According to U.K.-based McLaren, a recent pioneering breakthrough that may further transform motorsports and beyond, is a natural fiber racing seat, considered to be the very first Formula One (F1) car part to be made of renewable textile fibers.

Collaborating with sustainable lightweight manufacturer Bcomp (Fribourg, Switzerland), the novel racing seat being made for Carlos Sainz and Lando Norris is said to optimize the mechanical properties of flax fibers through fabric architecture, developing a seat with the required strength and stiffness, but with a 75% lower CO2 footprint compared to its carbon fiber counterpart. Similarly, compared to the introduction of the first car with a carbon fiber monocoque chassis — the McLaren MP4/1 Formula One (F1) racing car in 1981, which is said to have heavily influenced racing car design to this very day — the flax fibers are considerably cheaper, reduce vibration, enhance safety and are a more sustainable alternative.

“The use of natural fiber composites is the latest example of pioneering, composite materials innovation at McLaren,” explains McLaren F1 team principal Andreas Seidl. “Not only does this solution provide equivalent performance to carbon fiber, it represents another step forward in our evolving sustainability program, while underlining our commitment to helping F1 turn its ambitious sustainability strategy into action.”

“For decades, F1 has been an innovation lab for technology that has transformed not just motorsport, but the automotive industry and beyond,” adds McLaren F1 technical director James Key. “The sport must continue down the road of developing increasingly environmentally-friendly options, and our development and application of natural fiber composites is an example of how we’re accelerating this journey, as well as the ongoing evolution towards cleaner mobility.”

Primarily used in the production of linen, McLaren notes that flax is an incredibly versatile plant. Further, flax is a CO2-neutral raw material and its fibers are biodegradable. At the end of the seat’s life, for example, it can be ground down into a new base material or thermally recycled without residual waste, rather than ending up in landfill.

With Bcomp’s solutions reducing raw material cost by up to 30% compared to traditional carbon fiber, the significant cost savings could free up budget to explore other ways of improving car performance.

Inspired by the thin veins on the back of leaves, Bcomp’s proprietary powerRibs technology is said to provide a 3D grid structure on one side of the seat, which is then used to reinforce Bcomp’s spun and woven flax fiber reinforcement fabric, ampliTex. Made by twisting flax fibers to form a thick yarn, the powerRibs are said to act as a backbone to the ampliTex flax fabric that is bonded to it.

According to the McLaren F1 team, the original carbon fiber seat design was reverse engineered by Bcomp, and the new design was optimized and manufactured by McLaren. The seat was then run in pre-season testing without any problems.

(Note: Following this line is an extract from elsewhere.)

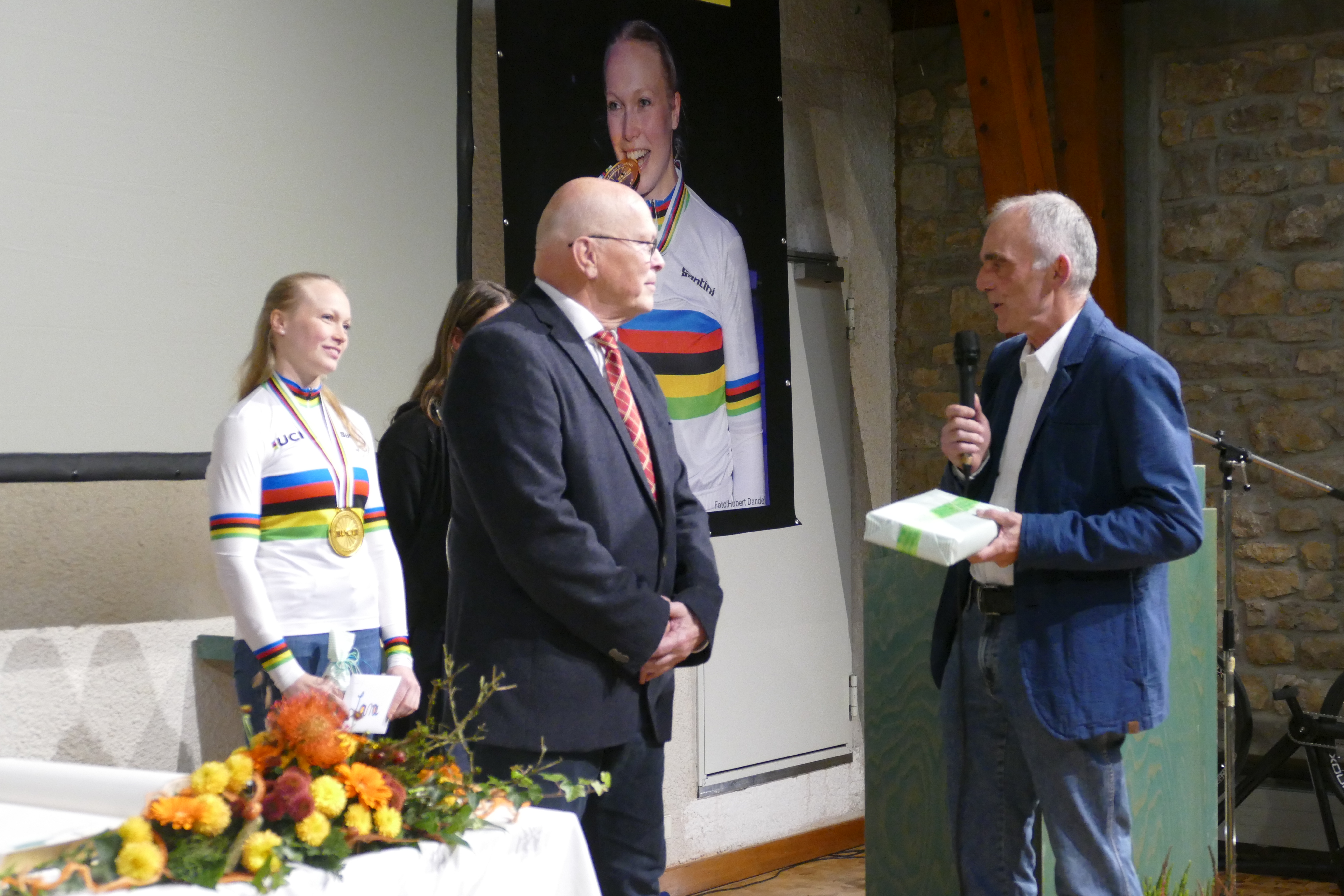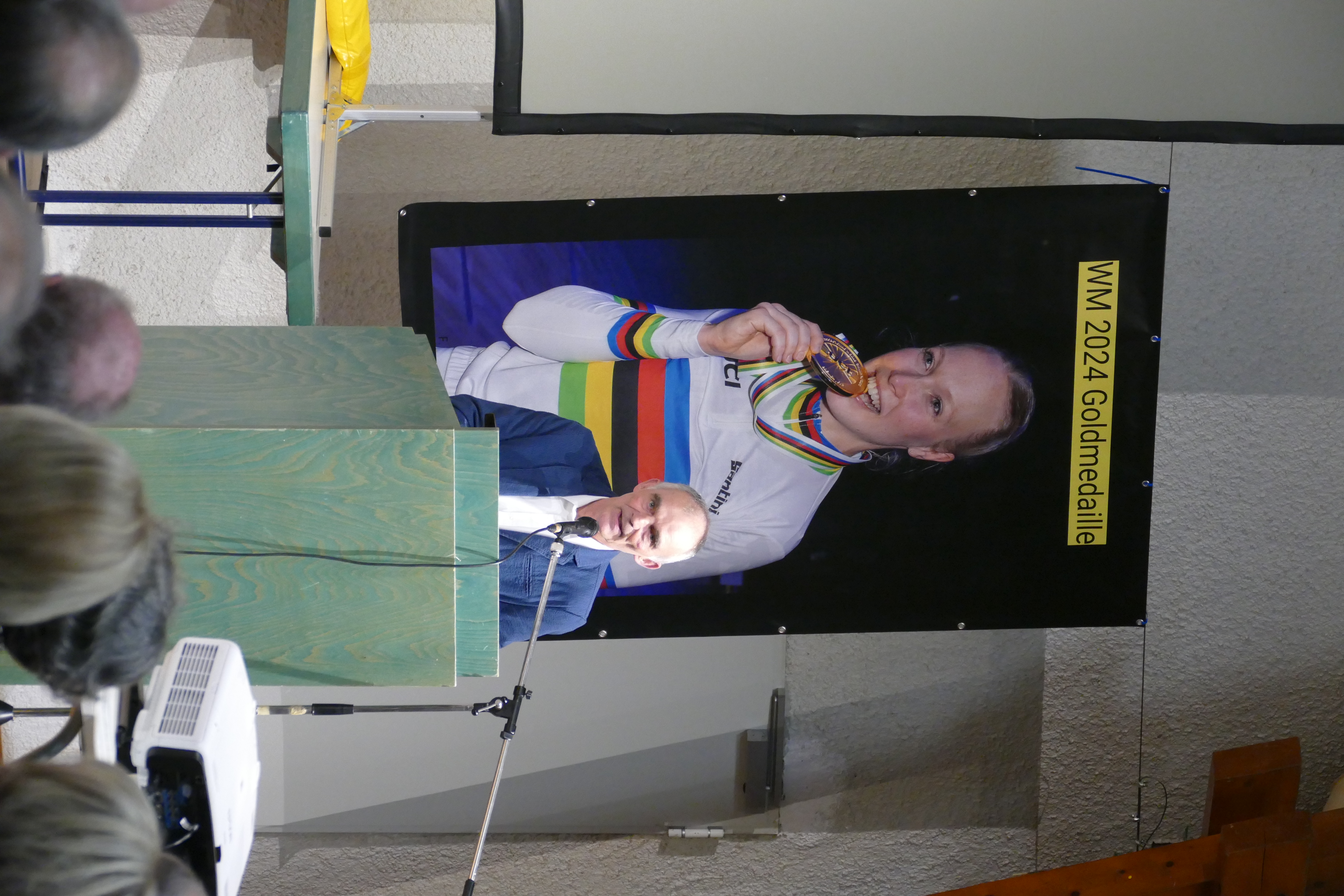 Dietmar Zeiher erinnerte er an die damals vierjährige Lara, die mit so viel Freude und Spaß das Kunstradtraining, geleitet von Maria und Paul Jacek, besuchte. Nach 21 Jahren nun der Weltmeistertitel als Höhepunkt ihrer Karriere. Dem vorausgegangen waren unter anderem zwei Vizeweltmeisterschaften, eine Vizeeuropameisterschaft sowie der fünfmalige Gewinn der Deutschen Meisterschaften. Anschließend durften die Besucherinnen und Besucher die Weltmeisterkür von Lara auf der Leinwand genießen.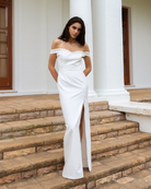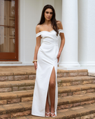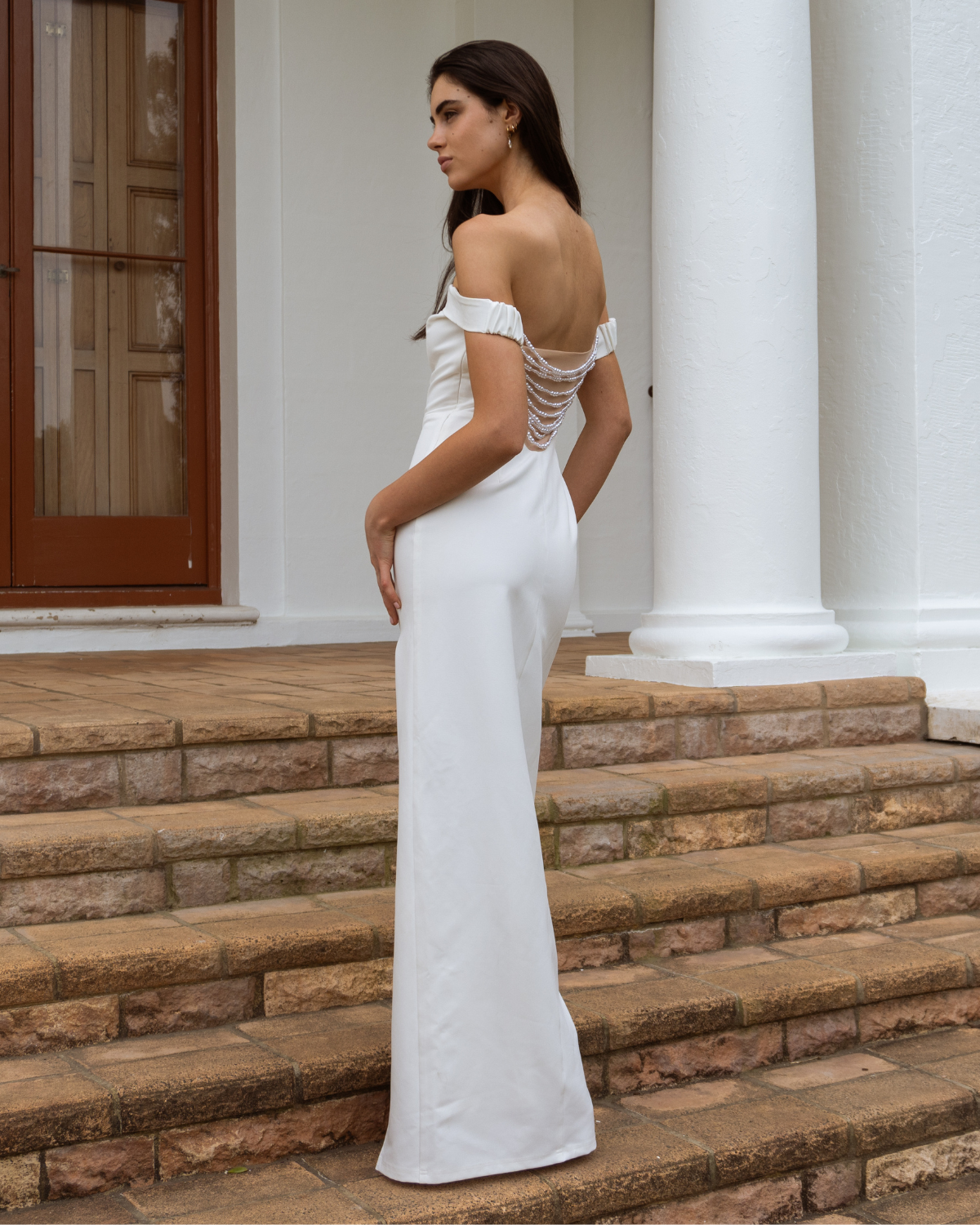 Effortlessly elegant, this off-shoulder dress is designed to make an entrance. Crafted from a smooth polyester-spandex blend, it features a structured silhouette with a floor-length wide leg for timeless sophistication. The off-shoulder neckline is finished with elastic armbands for comfort, while the back is detailed with delicate pearl chain draping — adding a touch of glamour to its sleek design.

 “Sustainability and decarbonization is a global issue, and it is fantastic to see motorsport embrace carbon alternatives, paving the way for widespread adoption within large-scale mobility applications,” says Bcomp CEO and co-founder Christian Fischer, echoing the McLaren team’s sentiment. “McLaren has always been a pioneer within the sport, in terms of both composites and sustainability. It feels like the perfect match and a great honor to collaborate with such a prestigious brand.”

So just why did McLaren begin with turning natural fibers into a lightweight and sustainable racing seat, as opposed to other parts of the car?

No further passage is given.